Military Museum Pushes Access Road Project

The museum’s Air Park includes aircraft from different branches of the military.

A map shows the proposed access route to the Selfridge Military Air Museum.

Image courtesy of Selfridge Military Air Museum

HARRISON TOWNSHIP — Not many museums require visitors to have a background check before entering, but that’s what happens before anyone can enter the Selfridge Military Air Museum.

The museum is located on Selfridge Air National Guard Base, a secure military installation, and visitors who do not have U.S. Government ID cards, who do not have Department Common Access Cards Defense or who are not in the Defense Biometric Identification System must undergo a mandatory security background check in order to obtain a base visitor pass. They must provide a valid US driver’s license, current vehicle registration, and proof of insurance.

Citizens of a foreign country wishing to visit the exhibits must provide 30 days notice to the general manager of the museum in order to coordinate a visit.

“It all depends on the process of the federal government,” the retired Air Force brigadier said. General Doug Slocum, a member of the museum’s board of trustees who last commissioned Selfridge ANGB in 2019. “You can’t just stop on a whim, which for a museum you want the people can come in and out.

“When I retired, my thought was, let’s stop talking about it and make it happen,” Slocum said.

Now the Selfridge Military Air Museum, located on base at 27333 ‘C’ Street, is seeking to change that requirement by seeking funding for a project that will allow the public to access the museum directly from the Rosso Freeway, without the visitors have to enter the base.

The museum includes thousands of exhibits, interactive learning demonstrations, and a collection of historic aircraft and exhibits. With public access, developers hope the museum will be a new tourist destination and have the opportunity to be an event center to spur economic development in Macomb County and southeast Michigan.

Slocum said the plan had already been approved by levels of government who needed to agree before the museum launched a campaign. Now, he says, they need to raise $3.5 million to pay for the project.

“That’s actually the easy part,” he said. “We are exploring many different options.”

Museum officials are seeking federal, state and local funding for the project, as well as private donations.

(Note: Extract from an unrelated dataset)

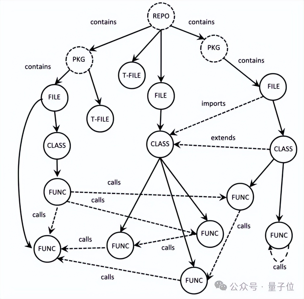 - 图模态:将仓库构建为结构化图,节点包括函数、类、文件、包等7种类型,边表示调用、包含、继承等依赖;

“We want people to be aware, (know) that this is a project and that people are defending it. The more you spread the word, the more support there is,” he said.

Slocum said they are already working with state and federal lawmakers to secure funding.

However, he said, “the more we can build the coalition, the better.”

Selfridge is over 105 years old, making it one of the oldest operating airfields in the country. Historical aviation figures such as the Wright brothers, Billy Mitchell, Charles Lindbergh, Jimmy Doolittle, Carl A. Spaatz and Curtis LeMay had ties to Selfridge, Slocum said.

The plan calls for the construction of a bridge over the Irwin Drain to provide a new entrance to Doolittle Drive. New airfield perimeter and base perimeter fencing would be constructed, and the perimeter road would be rerouted around the museum.

Slocum said plans also include building an education center and a pavilion where parties and community events could be held at the end of the track.

“It also gives us the opportunity to inspire our next generation,” he said.

With the base’s STEM educational outreach program – STARBASE One – located next to the museum, there could also be a synergy between it and the museum’s education hub.

“You can see what happened, and then you’re going to create a base for the next generation, to excite them too,” he said. “It opens up the possibility of making this something even bigger than it is today.”

The Selfridge Military Air Museum is open 11 a.m. to 5 p.m. Saturdays and Sundays from April 2 to October 30. Admission is $10 for adults, $8 for seniors and military, and $5 for children 4-17. Active duty military members in uniform are free, as are children 3 and under.

“It could really help with tourism and economic development in the community,” Slocum said. “It all adds up to things that are good for the community.”